▸ **Try it**
Find the line with "Lotto composto da" in the records below. Output exactly from there until after the line with "A distribuição das", without pictures.

▸ **Source information**
>>>

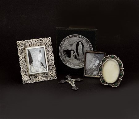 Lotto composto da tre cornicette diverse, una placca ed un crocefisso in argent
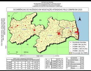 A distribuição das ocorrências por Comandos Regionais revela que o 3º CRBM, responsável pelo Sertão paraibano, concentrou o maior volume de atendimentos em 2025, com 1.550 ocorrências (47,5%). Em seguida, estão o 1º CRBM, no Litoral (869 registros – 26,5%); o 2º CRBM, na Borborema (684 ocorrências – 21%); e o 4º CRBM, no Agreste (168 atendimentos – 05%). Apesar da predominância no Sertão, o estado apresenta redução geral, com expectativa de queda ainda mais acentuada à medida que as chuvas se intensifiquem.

<<<
>>>

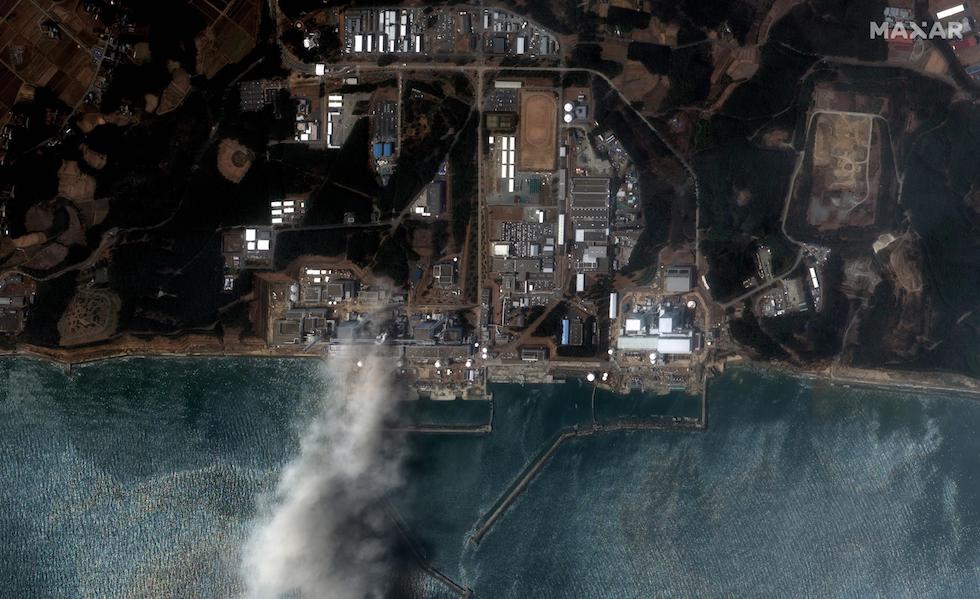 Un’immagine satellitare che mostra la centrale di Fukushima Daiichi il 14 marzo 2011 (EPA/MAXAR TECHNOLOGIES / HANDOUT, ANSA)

<<<
>>>

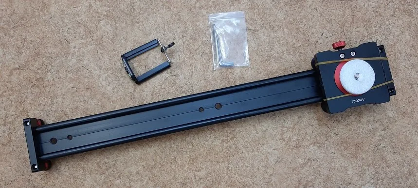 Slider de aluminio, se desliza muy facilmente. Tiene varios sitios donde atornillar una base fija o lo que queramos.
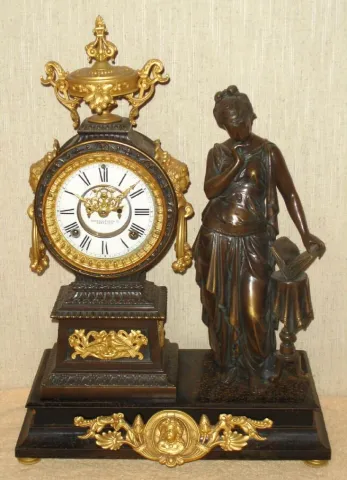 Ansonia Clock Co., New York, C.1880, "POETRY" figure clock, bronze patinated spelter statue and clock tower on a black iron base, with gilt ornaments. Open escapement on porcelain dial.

<<<

▸ **Reply to the exercise**
 Lotto composto da tre cornicette diverse, una placca ed un crocefisso in argent
 A distribuição das ocorrências por Comandos Regionais revela que o 3º CRBM, responsável pelo Sertão paraibano, concentrou o maior volume de atendimentos em 2025, com 1.550 ocorrências (47,5%). Em seguida, estão o 1º CRBM, no Litoral (869 registros – 26,5%); o 2º CRBM, na Borborema (684 ocorrências – 21%); e o 4º CRBM, no Agreste (168 atendimentos – 05%). Apesar da predominância no Sertão, o estado apresenta redução geral, com expectativa de queda ainda mais acentuada à medida que as chuvas se intensifiquem.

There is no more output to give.